1980 film directed by Vincent McEveety

Herbie Goes Bananas is a 1980 American adventure comedy film directed by Vincent McEveety. It is the fourth in the Herbie film series. The ensemble cast includes Cloris Leachman, Charles Martin Smith, Stephan W. Burns, John Vernon, Elyssa Davalos, Joaquin Garay III, and Harvey Korman. The plot revolves around the further adventures of Herbie, a sentient Volkswagen Beetle race car, as he befriends Paco, an orphan whose pickpocketing ways get him entangled with both Herbie's new owners and a trio of dangerous Incan gold thieves.

Herbie Goes Bananas received mixed reviews from critics, and underperformed at the box office, with domestic earnings of $18 million. It was followed by the sitcom Herbie, the Love Bug in 1982.

==Plot==
Picking up sometime after the Trans-France Race, Pete Stancheck has inherited Herbie from his uncle, Jim Douglas, and travels to Puerto Vallarta, Mexico with his friend Davy "D.J." Johns to retrieve the car. They get directions from Paco, a comically mischievous, orphaned pickpocket to the car lot. Unable to pay the holding fee due to Paco taking their wallets, the pair quickly leave in Herbie to find him. Elsewhere, Paco pickpockets one of the members of a trio of three villains who are planning to steal gold from some forgotten Inca ruins. The trio chase Paco after realizing the film showing the location of the gold is in the stolen wallet, but Pete and DJ catch him first.

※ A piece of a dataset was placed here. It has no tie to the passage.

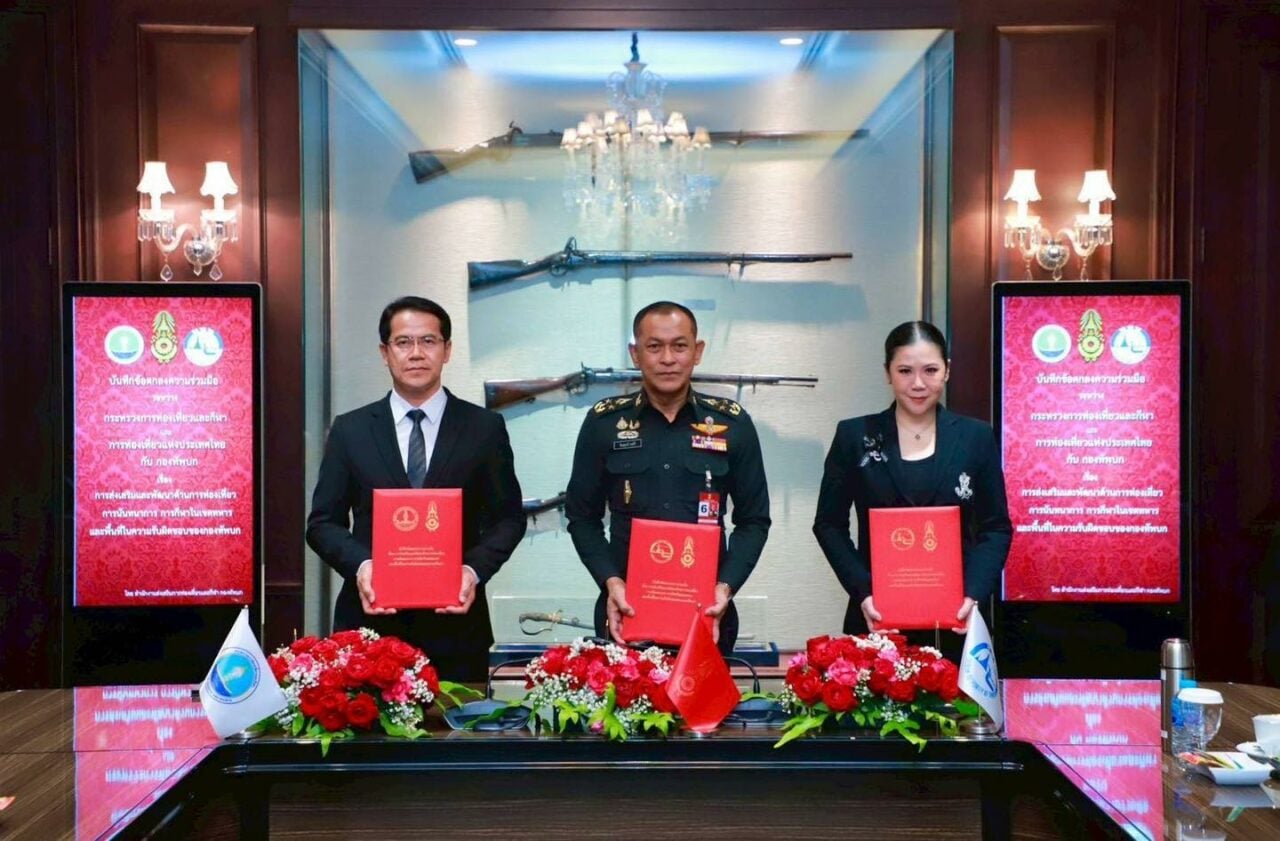 @@… ส่วนที่ห้องประชุม อาคารศรีสิทธิสงคราม อาคารพิพิธภัณฑ์กองทัพบก ภายในกองบัญชาการกองทัพบก พล.อ.ชิษณุพงศ์ รอดศิริ รอง ผบ.ทบ.ผู้แทน ผบ.ทบ. ร่วมเป็นสักขีพยานในพิธีลงนามบันทึกข้อตกลงความร่วมมือ “การส่งเสริมและพัฒนาด้านการท่องเที่ยวการนันทนาการ การกีฬาในเขตทหาร และพื้นที่ในความรับผิดชอบของกองทัพบก” ระหว่างกระทรวงการท่องเที่ยวและกีฬา และกองทัพบก และพิธีลงนามบันทึกข้อตกลงความร่วมมือ ร่วมกับ นายบุญเสริม ขันแก้ว รองอธิบดีกรมการท่องเที่ยว ผู้แทนปลัดกระทรวงการท่องเที่ยวและกีฬา และ น.ส.ฐาปนีย์ เกียรติไพบูลย์ ผู้ว่าการการท่องเที่ยวแห่งประเทศไทย โดยมี พล.ท.พลศักดิ์ ศรีเพ็ญ ผอ.สำนักงานส่งเสริมการท่องเที่ยวและกีฬากองทัพบก รายงานวัตถุประสงค์ของงาน ในการนี้ทั้งสองฝ่ายมีวัตถุประสงค์ร่วมกัน โดยกองทัพบกสนับสนุนนโยบายของรัฐบาล ในระบบบูรณาการแบบกลุ่ม (Cluster) ระหว่างหน่วยงาน และสภาวะจากสถานการณ์โลก ที่ต้องช่วยกันประหยัดค่าใช้จ่าย รวมพลังปรับบทบาทกองทัพ สนับสนุนและอำนวยความสะดวกแก่ประชาชน เพื่อผลักดันการท่องเที่ยวและกีฬา โดยกองทัพบกสนับสนุนการใช้แหล่งพื้นที่ท่องเที่ยวและกีฬา ในพื้นที่ที่กองทัพบกรับผิดชอบมากกว่า 400 แห่งทั่วประเทศ ภายใต้ค่าขวัญ “ท่องเที่ยวเขตทหาร ทุกสถานที่ ล้วนมีตำนาน“

Paco hides in Herbie's hood and is consequently loaded on the Sun Princess cruise ship, bound for Rio de Janeiro, where Pete and DJ plan to enter Herbie in the Brazil Grand Prêmio. En route, they meet an anthropology student named Melissa and her extravagant, eccentric aunt Louise, who is trying to find a husband for her niece. When Herbie wreaks havoc on board, Pete pretends to court Melissa, intending that her Aunt Louise will sponsor their race.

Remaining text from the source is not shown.